-------- Listed entries --------

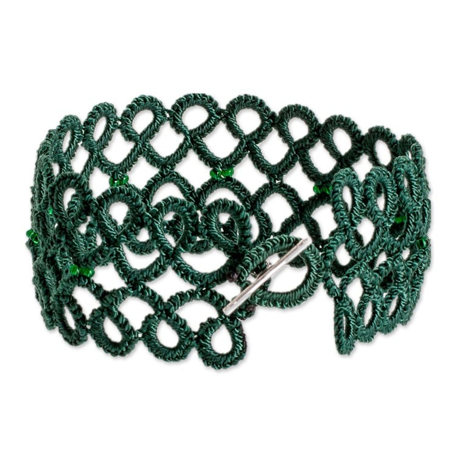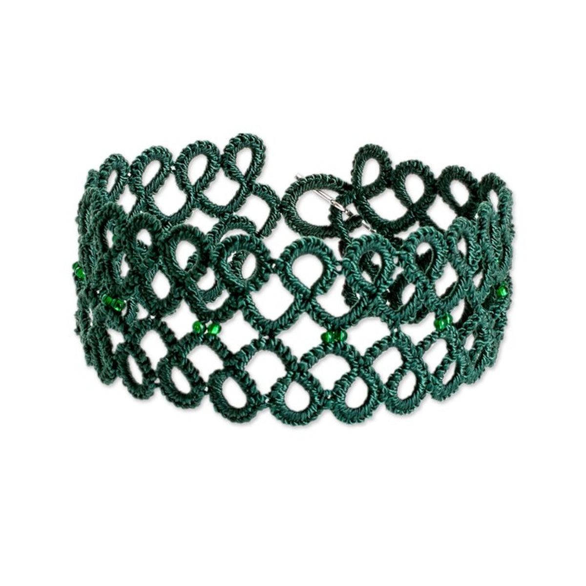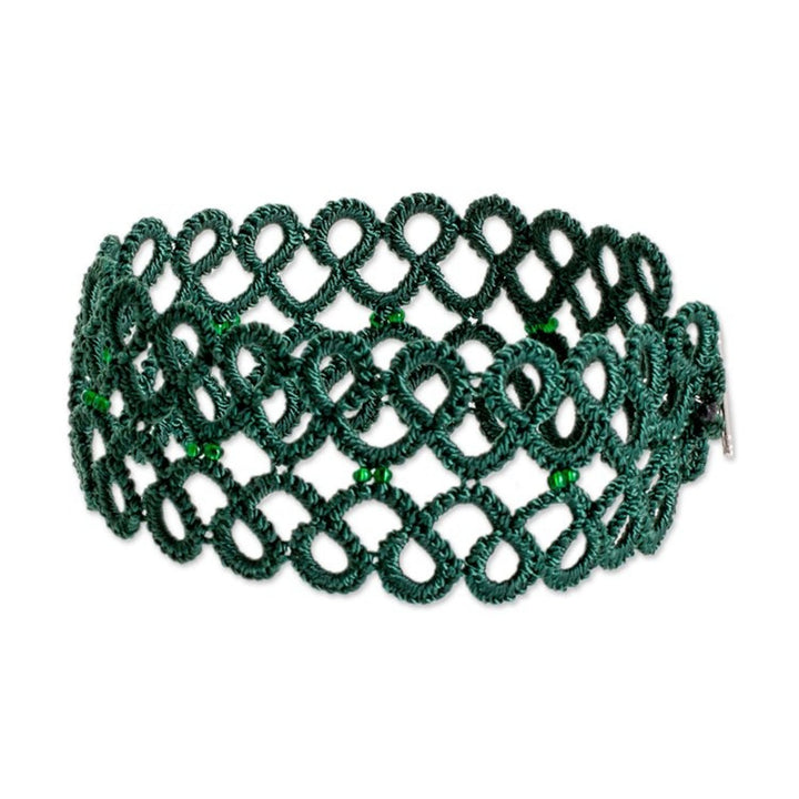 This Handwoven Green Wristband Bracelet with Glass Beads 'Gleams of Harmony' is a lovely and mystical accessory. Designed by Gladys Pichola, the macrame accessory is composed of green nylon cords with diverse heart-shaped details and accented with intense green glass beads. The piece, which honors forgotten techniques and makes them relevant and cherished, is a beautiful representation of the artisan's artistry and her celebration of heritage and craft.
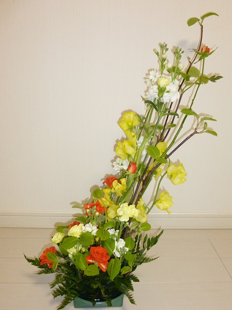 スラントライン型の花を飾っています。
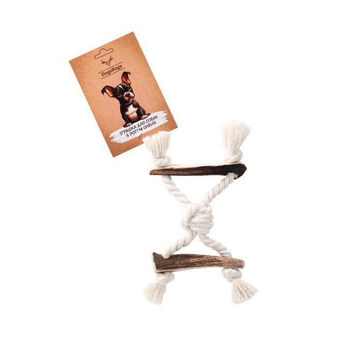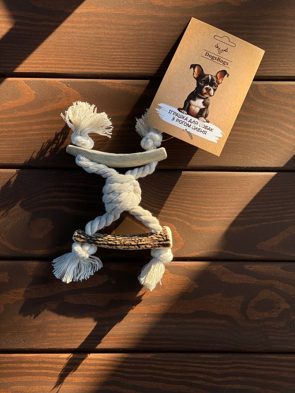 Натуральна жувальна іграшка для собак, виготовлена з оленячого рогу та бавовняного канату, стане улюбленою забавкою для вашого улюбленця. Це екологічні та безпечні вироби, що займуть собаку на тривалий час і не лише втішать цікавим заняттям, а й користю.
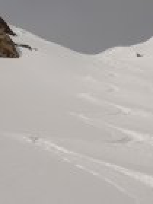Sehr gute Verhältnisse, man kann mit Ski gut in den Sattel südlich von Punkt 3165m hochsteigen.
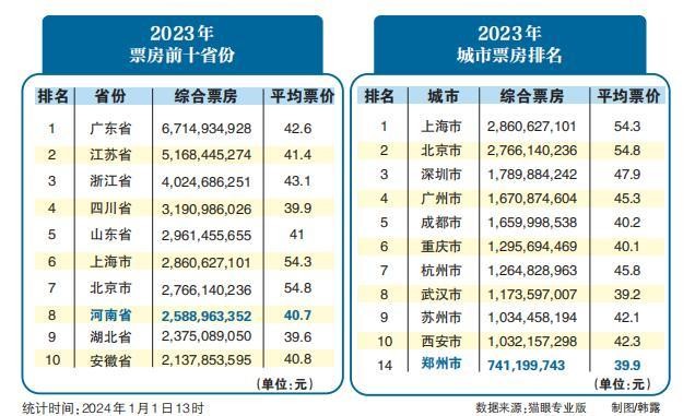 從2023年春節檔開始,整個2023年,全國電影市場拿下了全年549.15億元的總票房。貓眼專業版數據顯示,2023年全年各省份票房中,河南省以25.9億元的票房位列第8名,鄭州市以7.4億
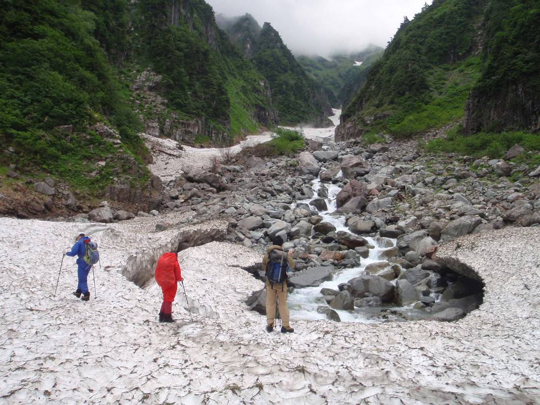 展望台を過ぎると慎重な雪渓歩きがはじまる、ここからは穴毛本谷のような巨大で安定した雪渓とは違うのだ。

--------

=== Task directions ===
Only exact repeats of the lines from the one containing "スラントライン型の花を飾っています。" through the end of the listing above are wanted here; pictures are not.

=== Exercise response ===
 スラントライン型の花を飾っています。
 Натуральна жувальна іграшка для собак, виготовлена з оленячого рогу та бавовняного канату, стане улюбленою забавкою для вашого улюбленця. Це екологічні та безпечні вироби, що займуть собаку на тривалий час і не лише втішать цікавим заняттям, а й користю.
Sehr gute Verhältnisse, man kann mit Ski gut in den Sattel südlich von Punkt 3165m hochsteigen.
 從2023年春節檔開始,整個2023年,全國電影市場拿下了全年549.15億元的總票房。貓眼專業版數據顯示,2023年全年各省份票房中,河南省以25.9億元的票房位列第8名,鄭州市以7.4億
 展望台を過ぎると慎重な雪渓歩きがはじまる、ここからは穴毛本谷のような巨大で安定した雪渓とは違うのだ。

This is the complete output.